Tag Archives: Midsomer Murders

OMG, I know!

It’s been yet another FOREVER since I’ve posted here!

Let’s see. What have I been doing?

I took a quick and lovely road trip in the new Honda Fit recently. It was a lovely day and a perfect drive. (Although I have to say, I do get really tired of always doing everything by myself!)

I bought myself a season ticket to a local summer stock theater company. It’s in the next town over; a quick drive out to a barn, basically, in the middle of trees and fields. I had the best time! (Once again, though, all by myself. One thing about living out here in the Hinterlands — I only have 1 friend and he now has 3 tots under the age of, like, 8 at home — and he’s as old as Methuselah. So I rarely ever get to see him nowadays.)

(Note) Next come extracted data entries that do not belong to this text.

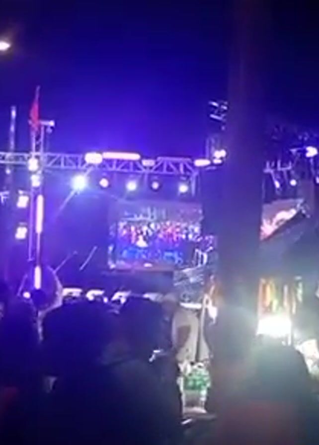 crowd of people at an outdoor concert. A stage is set up with lights, a screen, and sound equipment. There is a band performing on stage, and the screen shows a close-up of the band members. The audience is watching the performance and appears to be enjoying themselves. The atmosphere is lively and festive. There is also a flag visible on a pole behind the stage.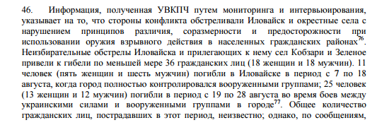 Мониторинговая миссия ООН по правам человека в Украине (далее – миссия ООН) задокументировала многочисленные нарушения во время событий в Иловайске. В докладе сделан вывод, что серьезные нарушения прав человека и международного гуманитарного права совершали все стороны конфликта.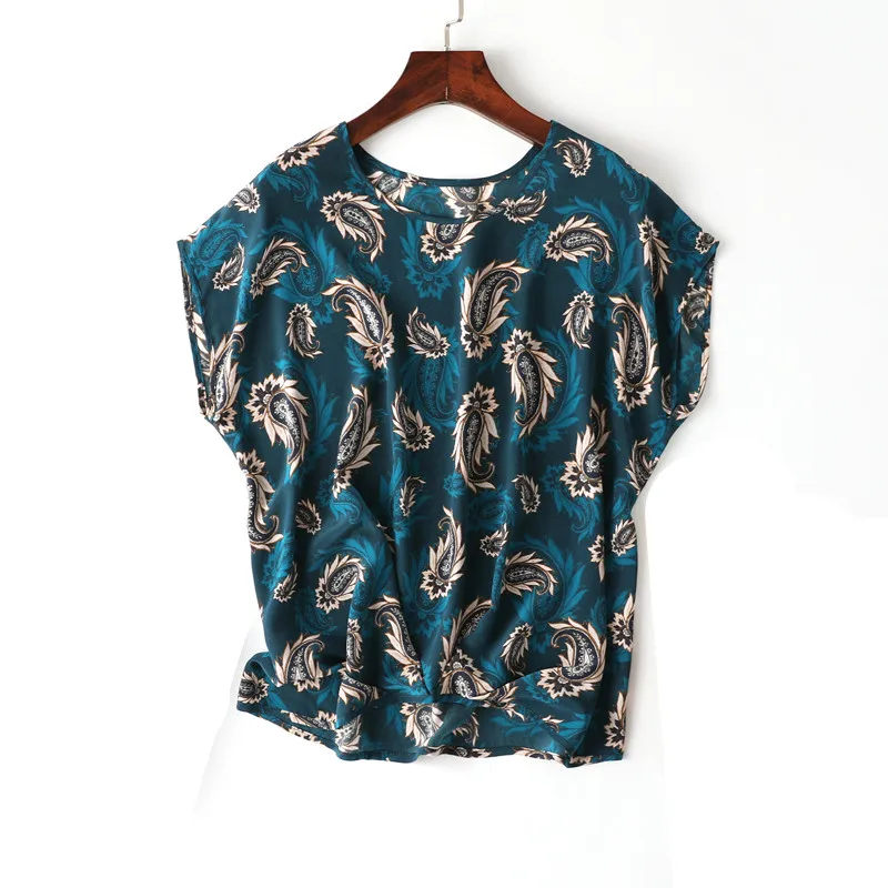 Женская Летняя шелковая блузка с круглым вырезом и коротким рукавом, Офисная Повседневная блузка из натурального шелка, полосатая Базовая летняя рубашка из натурального шелка

But back to the theater — The first show was Children of Eden, by Stephen Schwartz. I’m not always a Stephen Schwartz fan. While I absolutely adore Pippin (having seen the original touring version back in 1973 and then going on to memorize the Original Broadway Cast album soon thereafter), I think I am the sole person on planet Earth who does not adore Wicked, and Children of Eden has a similar musical feel to Wicked. Meaning that the singing just goes on and on and on and the melodies just seem to blend into one another. However, even though I didn’t leave the theater humming any semblance of a memorable musical tune, I did enjoy the performance and the people in the show a whole lot and I’m looking forward to the next show, Peter & the Starcatcher.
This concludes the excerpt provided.